Lect 10 Regression
Lect 10 Regression
Lecture 10
Application of Python language for Data Science and Artificial Intelligence
Regression
(lecture without lecture)
What Is Regression?
Regression searches for relationships among variables.
In regression analysis, you consider some phenomenon of interest and have a number of
observations.
Each observation has two or more features.
Following the assumption that at least one of the features depends on the others, you try to
establish a relation among them.
You need to find a function that maps some features or variables to others sufficiently well.
The dependent features are called the dependent variables, outputs, or responses.
The independent features are called the independent variables, inputs, regressors, or
predictors.
Regression problems usually have one continuous and unbounded dependent variable.

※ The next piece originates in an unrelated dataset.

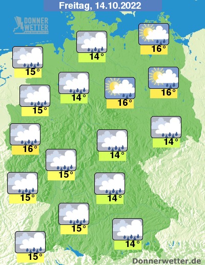 Am Freitag ziehen überwiegend dichte Wolken durch, gebietsweise kann es auch mal etwas auflockern. Es bilden sich zeitweise Schauer bei Höchstwerten von 14 Grad in Hannover und etwa 16 Grad in Bonn. An der See weht ein zum Teil stürmischer Wind.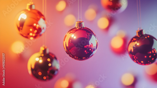 Fototapeta premium Colorful abstract Christmas baubles float elegantly against a blurred...

The inputs, however, can be continuous, discrete, or even categorical.
It’s a common practice to denote the outputs with 𝑦 and the inputs with 𝑥.

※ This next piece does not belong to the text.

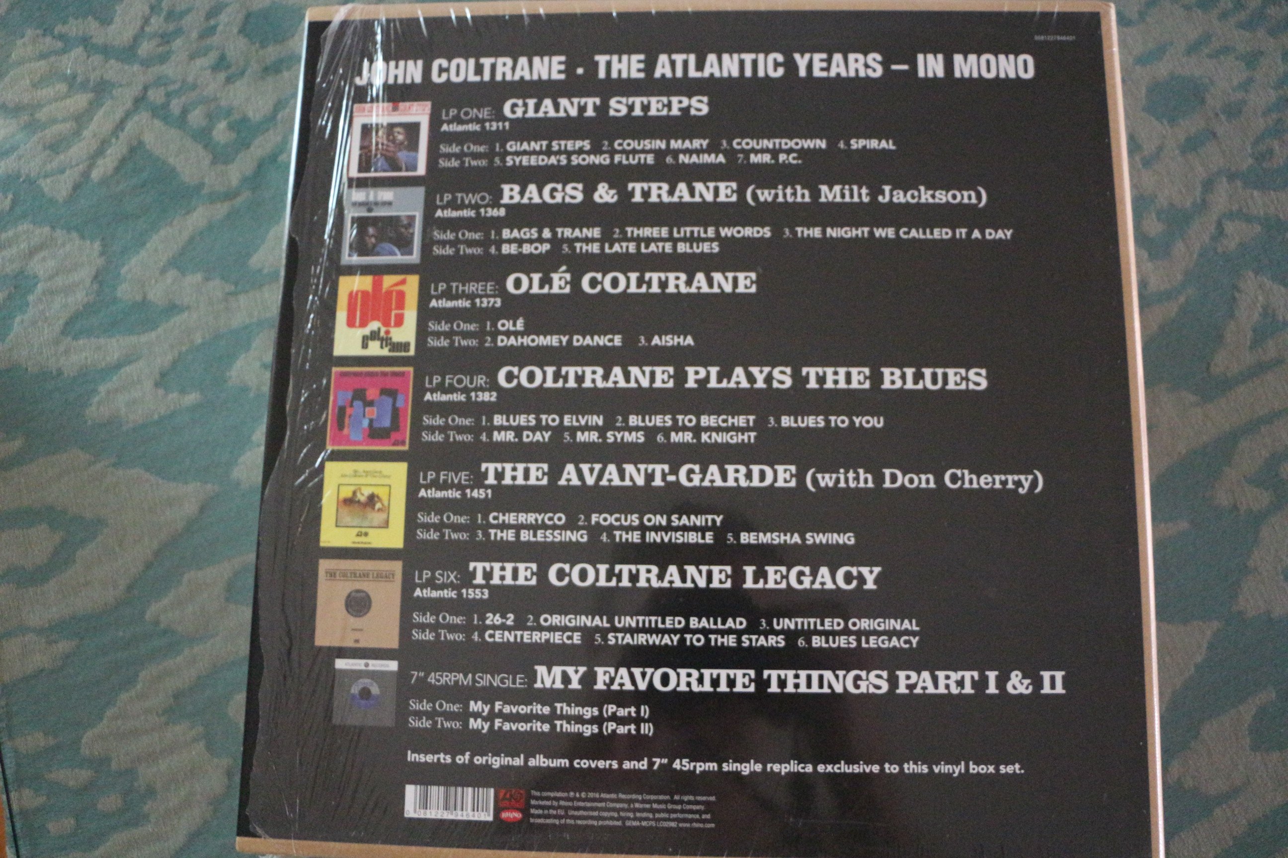 Further Information: John Coltrane-The Atlantic Years-Mono Vinyl Box Set.6 Albums plus 45 of My Favorite Things and book in a Cloth bound case . Albums were played once.45 never played. 2016 Out of Print.

If there are two or more independent variables, then they can be represented as the vector 𝐱 =
(𝑥₁, …, 𝑥ᵣ), where 𝑟 is the number of inputs.
Linear Regression
Linear regression is probably one of the most important and widely used regression
techniques.
It’s among the simplest regression methods.

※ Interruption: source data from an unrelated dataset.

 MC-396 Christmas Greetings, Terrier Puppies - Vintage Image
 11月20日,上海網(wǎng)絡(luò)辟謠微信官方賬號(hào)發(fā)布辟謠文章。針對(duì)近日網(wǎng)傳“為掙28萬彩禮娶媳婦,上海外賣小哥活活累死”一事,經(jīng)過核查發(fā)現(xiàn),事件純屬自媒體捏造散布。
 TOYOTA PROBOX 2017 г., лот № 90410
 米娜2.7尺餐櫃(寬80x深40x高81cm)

One of its main advantages is the ease of interpreting results.
Problem Formulation
When implementing linear regression of some dependent variable 𝑦 on the set of independent
variables 𝐱 = (𝑥₁, …, 𝑥ᵣ), where 𝑟 is the number of predictors, you assume a linear relationship
between 𝑦 and 𝐱: 𝑦 = 𝛽₀ + 𝛽₁𝑥₁ + ⋯ + 𝛽ᵣ𝑥ᵣ + 𝜀.
This equation is the regression equation. 𝛽₀, 𝛽₁, …, 𝛽ᵣ are the regression coefficients, and 𝜀 is
the random error.
Linear regression calculates the estimators of the regression coefficients or simply the
predicted weights, denoted with 𝑏₀, 𝑏₁, …, 𝑏ᵣ.
These estimators define the estimated regression function 𝑓(𝐱) = 𝑏₀ + 𝑏₁𝑥₁ + ⋯ + 𝑏ᵣ𝑥ᵣ.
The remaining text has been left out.